===== EXERCISE MATERIAL =====

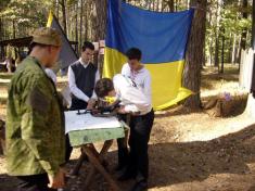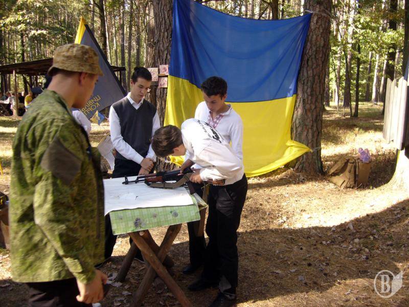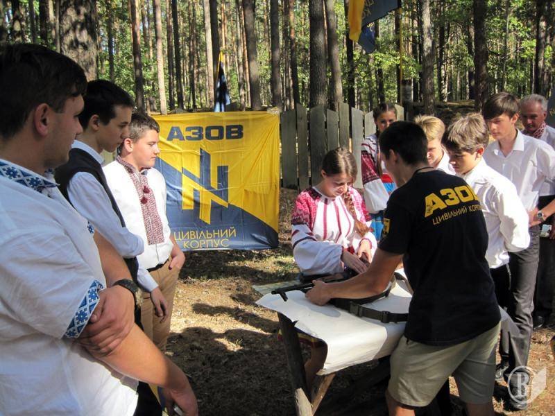 Военно-патриотическую выучку для школьников и всех желающих провели ребята из гражданского корпуса полка “Азов”. В окружении государственной и полковой символики собирали-разбирали автомат и фотографировались на память.
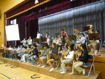 最初に「島唄」の金管演奏をした後、クラブで使っている楽器の紹介がありました。
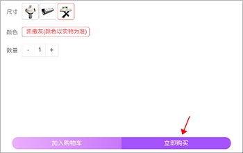 2、选择规格再次点击“立即购买”即可付款
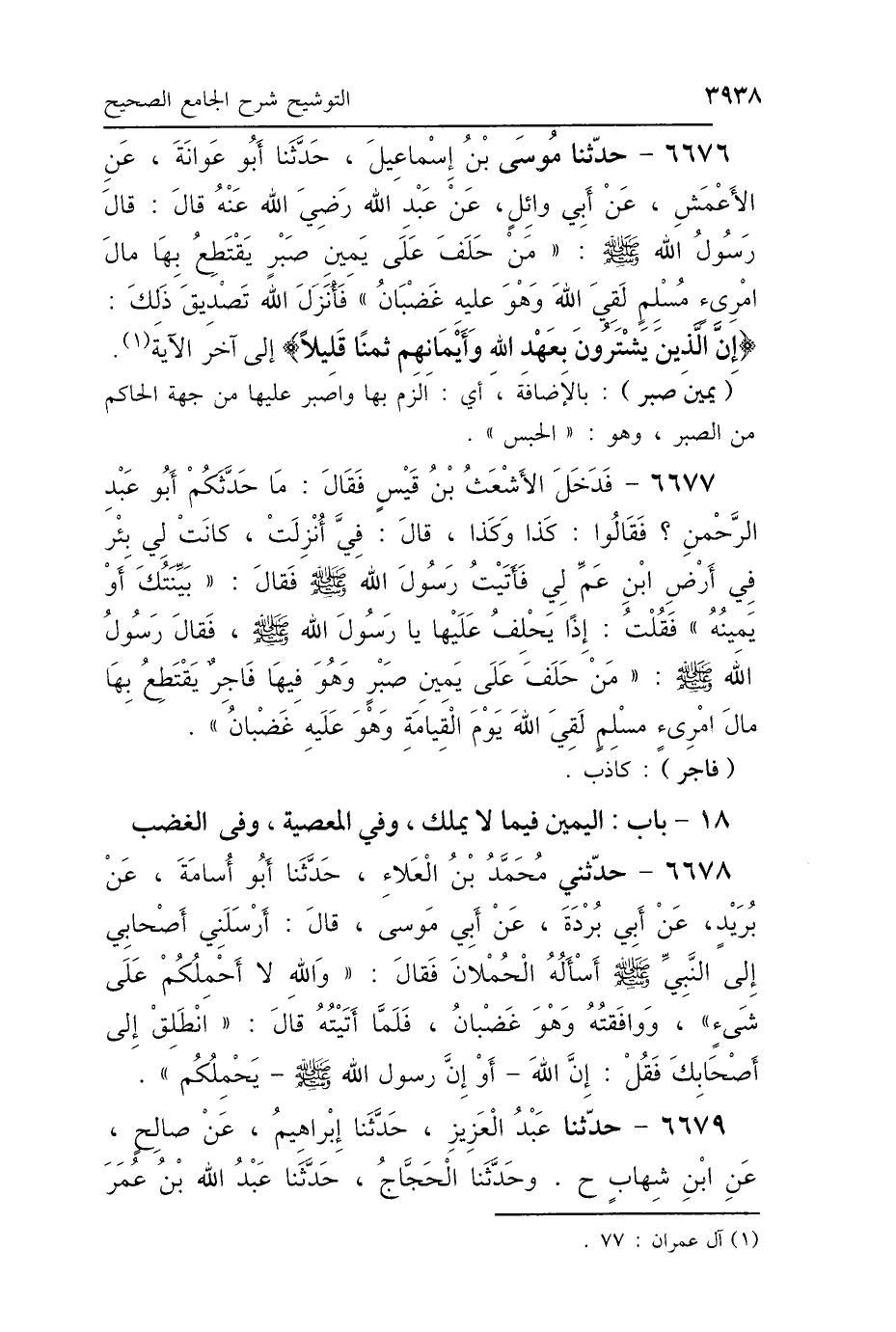 6676 - حَدَّثَنَا مُوسَى بْنُ إِسْمَاعِيلَ، حَدَّثَنَا أَبُو عَوَانَةَ، عَنِ الأَعْمَشِ، عَنْ أَبِي وَائِلٍ، عَنْ عَبْدِ اللَّهِ رَضِيَ اللَّهُ عَنْهُ، قَالَ: قَالَ رَسُولُ اللَّهِ صَلَّى اللهُ عَلَيْهِ وَسَلَّمَ: «مَنْ حَلَفَ عَلَى يَمِينِ صَبْرٍ، يَقْتَطِعُ بِهَا مَالَ امْرِئٍ مُسْلِمٍ، لَقِيَ اللَّهَ وَهُوَ عَلَيْهِ غَضْبَانُ» فَأَنْزَلَ اللَّهُ تَصْدِيقَ ذَلِكَ: {إِنَّ الَّذِينَ يَشْتَرُونَ بِعَهْدِ اللَّهِ وَأَيْمَانِهِمْ ثَمَنًا قَلِيلًا} [آل عمران: 77] إِلَى آخِرِ الآيَةِ.
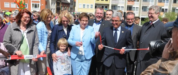 Oberbürgermeisterin Dr. Heike Kaster-Meurer mit Innenminister Roger Lewentz bei der Einweihung des neugestalteten Kornmarktes.
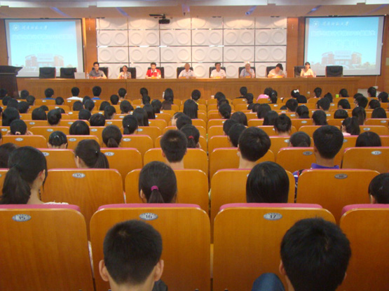 老生代表池晶首先代表全院在校学生对新生们表示热烈的欢迎,并以自己大学生活里的学习、工作和美国交换生经历为例,激励同学们做到自主、自信、自立。
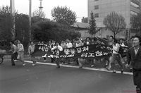 휴전협정 폐기와 평화협정 체결을 요구하는 범민족대회 참가단의 거리 선전전
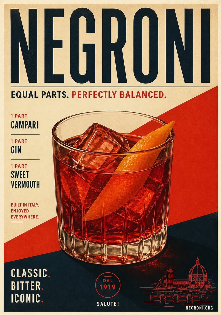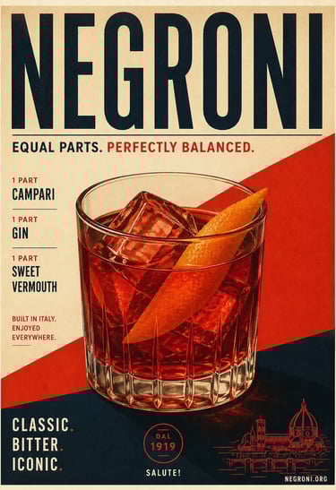 This Negroni poster for your venue or home is inspired by the 100+ years of Negroni cocktail history and Italian Dolce Vita spirit.

=====

• DIRECTIONS FOR THIS TASK:
Exact copy, no pictures: please print the data above once more.

• TASK RESULT:
 Военно-патриотическую выучку для школьников и всех желающих провели ребята из гражданского корпуса полка “Азов”. В окружении государственной и полковой символики собирали-разбирали автомат и фотографировались на память.
 最初に「島唄」の金管演奏をした後、クラブで使っている楽器の紹介がありました。
 2、选择规格再次点击“立即购买”即可付款
 6676 - حَدَّثَنَا مُوسَى بْنُ إِسْمَاعِيلَ، حَدَّثَنَا أَبُو عَوَانَةَ، عَنِ الأَعْمَشِ، عَنْ أَبِي وَائِلٍ، عَنْ عَبْدِ اللَّهِ رَضِيَ اللَّهُ عَنْهُ، قَالَ: قَالَ رَسُولُ اللَّهِ صَلَّى اللهُ عَلَيْهِ وَسَلَّمَ: «مَنْ حَلَفَ عَلَى يَمِينِ صَبْرٍ، يَقْتَطِعُ بِهَا مَالَ امْرِئٍ مُسْلِمٍ، لَقِيَ اللَّهَ وَهُوَ عَلَيْهِ غَضْبَانُ» فَأَنْزَلَ اللَّهُ تَصْدِيقَ ذَلِكَ: {إِنَّ الَّذِينَ يَشْتَرُونَ بِعَهْدِ اللَّهِ وَأَيْمَانِهِمْ ثَمَنًا قَلِيلًا} [آل عمران: 77] إِلَى آخِرِ الآيَةِ.
 Oberbürgermeisterin Dr. Heike Kaster-Meurer mit Innenminister Roger Lewentz bei der Einweihung des neugestalteten Kornmarktes.
 老生代表池晶首先代表全院在校学生对新生们表示热烈的欢迎,并以自己大学生活里的学习、工作和美国交换生经历为例,激励同学们做到自主、自信、自立。
 휴전협정 폐기와 평화협정 체결을 요구하는 범민족대회 참가단의 거리 선전전
 This Negroni poster for your venue or home is inspired by the 100+ years of Negroni cocktail history and Italian Dolce Vita spirit.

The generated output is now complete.